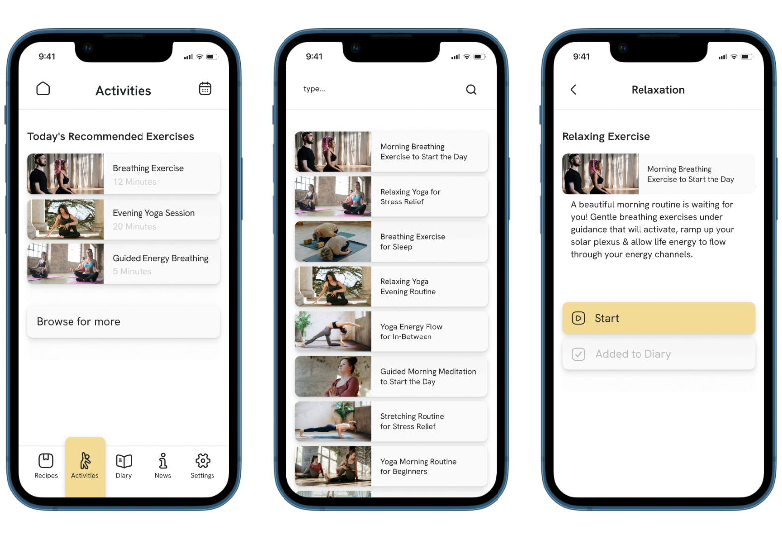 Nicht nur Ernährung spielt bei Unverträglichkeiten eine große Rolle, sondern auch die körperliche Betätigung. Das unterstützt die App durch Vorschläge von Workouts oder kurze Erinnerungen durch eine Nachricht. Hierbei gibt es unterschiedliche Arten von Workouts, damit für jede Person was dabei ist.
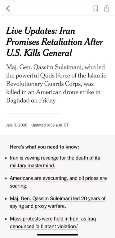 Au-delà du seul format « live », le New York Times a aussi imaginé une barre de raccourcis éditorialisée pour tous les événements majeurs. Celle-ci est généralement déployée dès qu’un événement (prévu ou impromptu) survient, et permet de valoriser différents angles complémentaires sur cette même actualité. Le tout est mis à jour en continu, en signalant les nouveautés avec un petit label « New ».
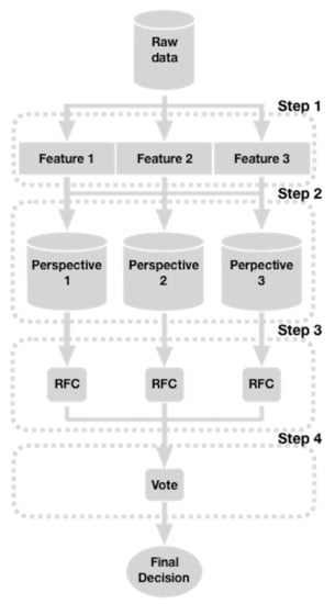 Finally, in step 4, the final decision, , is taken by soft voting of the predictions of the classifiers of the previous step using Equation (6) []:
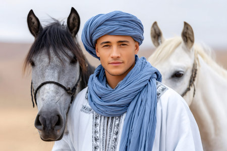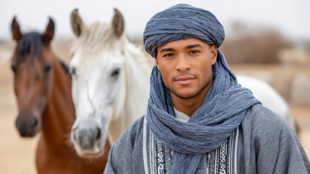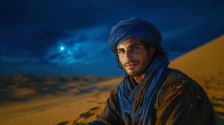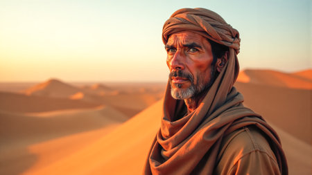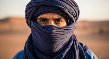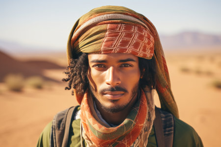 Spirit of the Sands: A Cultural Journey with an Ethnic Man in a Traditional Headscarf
--
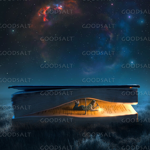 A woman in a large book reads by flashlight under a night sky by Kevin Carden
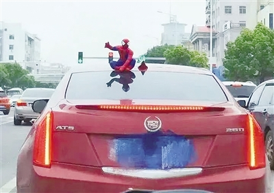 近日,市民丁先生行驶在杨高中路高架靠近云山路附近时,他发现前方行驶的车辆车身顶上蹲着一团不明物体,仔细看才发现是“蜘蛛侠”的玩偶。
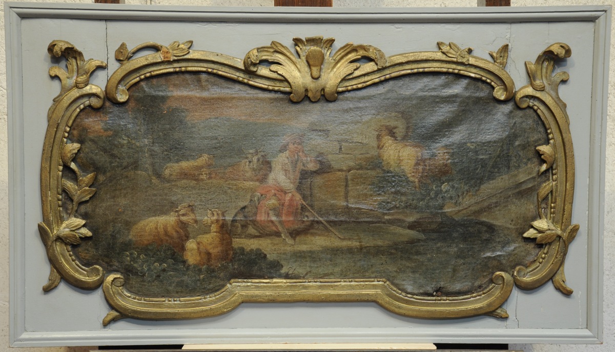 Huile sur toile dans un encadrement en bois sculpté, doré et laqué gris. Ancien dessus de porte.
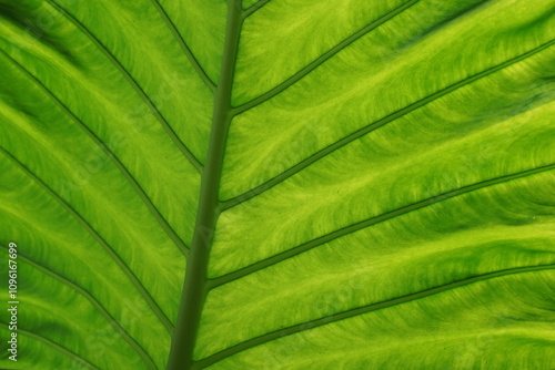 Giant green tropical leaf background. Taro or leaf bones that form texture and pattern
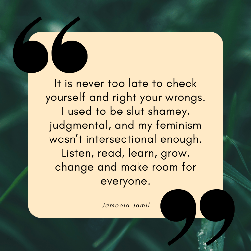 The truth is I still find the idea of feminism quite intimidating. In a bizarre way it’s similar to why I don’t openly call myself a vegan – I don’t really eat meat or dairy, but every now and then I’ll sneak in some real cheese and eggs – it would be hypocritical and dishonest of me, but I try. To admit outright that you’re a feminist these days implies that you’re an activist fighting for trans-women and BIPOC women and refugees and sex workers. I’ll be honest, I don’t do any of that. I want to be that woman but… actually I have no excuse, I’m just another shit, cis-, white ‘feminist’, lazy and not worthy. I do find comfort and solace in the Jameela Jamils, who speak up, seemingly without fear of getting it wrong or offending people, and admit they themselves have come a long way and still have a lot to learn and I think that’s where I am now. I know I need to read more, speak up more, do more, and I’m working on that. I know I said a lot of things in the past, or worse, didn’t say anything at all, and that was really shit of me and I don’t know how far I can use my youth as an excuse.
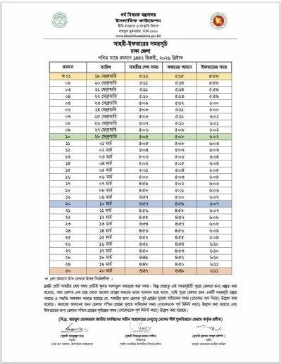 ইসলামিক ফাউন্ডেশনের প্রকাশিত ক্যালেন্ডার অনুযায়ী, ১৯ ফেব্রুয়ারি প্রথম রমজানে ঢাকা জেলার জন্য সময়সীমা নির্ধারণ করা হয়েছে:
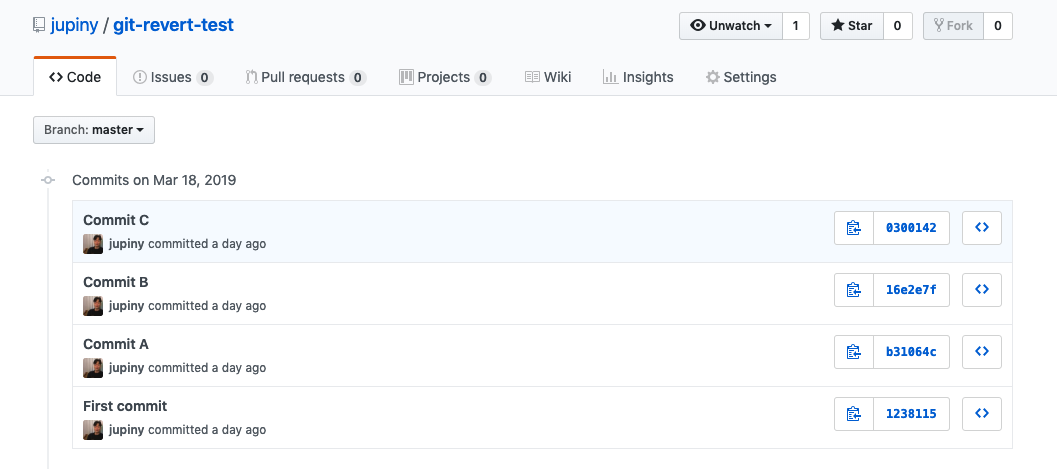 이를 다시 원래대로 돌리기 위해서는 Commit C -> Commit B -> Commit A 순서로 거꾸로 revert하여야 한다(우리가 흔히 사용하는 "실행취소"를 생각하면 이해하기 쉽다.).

■ Assigned task
Start with the line above containing "Huile sur toile" and end with the line containing "이를 다시 원래대로 돌리기". Set down that stretch exactly, without any pictures.

■ The completed task
 Huile sur toile dans un encadrement en bois sculpté, doré et laqué gris. Ancien dessus de porte.
 Giant green tropical leaf background. Taro or leaf bones that form texture and pattern
 The truth is I still find the idea of feminism quite intimidating. In a bizarre way it’s similar to why I don’t openly call myself a vegan – I don’t really eat meat or dairy, but every now and then I’ll sneak in some real cheese and eggs – it would be hypocritical and dishonest of me, but I try. To admit outright that you’re a feminist these days implies that you’re an activist fighting for trans-women and BIPOC women and refugees and sex workers. I’ll be honest, I don’t do any of that. I want to be that woman but… actually I have no excuse, I’m just another shit, cis-, white ‘feminist’, lazy and not worthy. I do find comfort and solace in the Jameela Jamils, who speak up, seemingly without fear of getting it wrong or offending people, and admit they themselves have come a long way and still have a lot to learn and I think that’s where I am now. I know I need to read more, speak up more, do more, and I’m working on that. I know I said a lot of things in the past, or worse, didn’t say anything at all, and that was really shit of me and I don’t know how far I can use my youth as an excuse.
 ইসলামিক ফাউন্ডেশনের প্রকাশিত ক্যালেন্ডার অনুযায়ী, ১৯ ফেব্রুয়ারি প্রথম রমজানে ঢাকা জেলার জন্য সময়সীমা নির্ধারণ করা হয়েছে:
 이를 다시 원래대로 돌리기 위해서는 Commit C -> Commit B -> Commit A 순서로 거꾸로 revert하여야 한다(우리가 흔히 사용하는 "실행취소"를 생각하면 이해하기 쉽다.).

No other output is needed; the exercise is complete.